И каким бы жестоким и кровавым ни был каждый такой рывок, он несет в себе здравый смысл. Правда, становится очевидным он не сразу. Может, через поколение, через несколько поколений, но рано или поздно смысл рывка проясняется, делается понятным, и люди говорят себе — да, ребята, это был единственно возможный путь…
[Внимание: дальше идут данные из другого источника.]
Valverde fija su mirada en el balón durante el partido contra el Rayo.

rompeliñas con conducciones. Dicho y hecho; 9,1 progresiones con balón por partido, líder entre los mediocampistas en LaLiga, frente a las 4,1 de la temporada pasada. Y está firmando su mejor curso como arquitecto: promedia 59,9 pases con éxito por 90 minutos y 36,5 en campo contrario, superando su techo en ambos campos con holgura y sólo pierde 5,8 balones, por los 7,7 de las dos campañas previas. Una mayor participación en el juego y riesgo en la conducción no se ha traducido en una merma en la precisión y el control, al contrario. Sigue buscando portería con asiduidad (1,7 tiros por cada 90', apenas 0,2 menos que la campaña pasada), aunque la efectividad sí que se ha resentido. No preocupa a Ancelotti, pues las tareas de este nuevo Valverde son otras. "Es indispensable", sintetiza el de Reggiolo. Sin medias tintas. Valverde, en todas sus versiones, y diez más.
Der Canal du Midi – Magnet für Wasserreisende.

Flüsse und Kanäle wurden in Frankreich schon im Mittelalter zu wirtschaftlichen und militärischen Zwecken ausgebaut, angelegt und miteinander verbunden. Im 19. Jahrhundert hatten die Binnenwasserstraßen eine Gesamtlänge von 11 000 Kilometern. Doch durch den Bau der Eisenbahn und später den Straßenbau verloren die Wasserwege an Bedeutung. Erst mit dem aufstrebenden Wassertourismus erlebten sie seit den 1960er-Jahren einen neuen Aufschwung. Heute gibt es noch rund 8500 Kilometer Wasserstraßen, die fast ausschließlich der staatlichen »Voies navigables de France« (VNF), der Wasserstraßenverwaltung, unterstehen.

Как бы там ни было, можно утверждать, что побег Аркаши Пыёлдина вовсе не был неожиданной случайностью, побег был предусмотрен всем ходом исторического развития человечества. Возможно, сооружение линии электропередач и было затеяно для того лишь, чтобы одна из мачт оказалась на тюремном дворе. Может быть, и вертолеты придумали с единственной целью — чтобы взлетел однажды Пыёлдин с тесного тюремного двора и повернул ход истории.
Тогда зря переживал Пыёлдин перед побегом, зря терзался и сверлил темный потолок над нарами бессонными своими глазами. Его побег сорваться просто не мог.
В работу включились высшие силы.
И пришли на помощь.
Но можно выразиться иначе — высшие силы природы сделали своим орудием, выбрали карающим мечом и вершителем судеб народов уголовника, ворюгу и бомжа Аркадия Константиновича Пыёлдина.
Так
История иногда выкидывает и более замысловатые коленца, уж такой кандибобер исполнит, такой кандибобер, что люди за головы хватаются и верить собственным глазам, собственным ушам напрочь отказываются.
Тот же президент!..
Ну, да ладно, вздохнем и промолчим, чтобы не осквернять воздух словами гневными и неприятными.
И вот Пыёлдин, не больно велик ростом, нестриженый, с волосами, взмокшими под покойницкой маской, отощавший на тюремной баланде, в великоватом клетчатом пиджаке, в коротковатых штанах какого-то школьного покроя, с автоматом на животе, торжествующе осмотрел нарядную перепуганную толпу достойнейших людей города. Тысяча мужчин и женщин стояла перед ним и покорно ждала своей участи, стараясь показать готовность сделать все, что он только пожелает. Ему заглядывали в глаза и в то же время опасались, что он заметит взгляд и истолкует его как дерзость и непокорность.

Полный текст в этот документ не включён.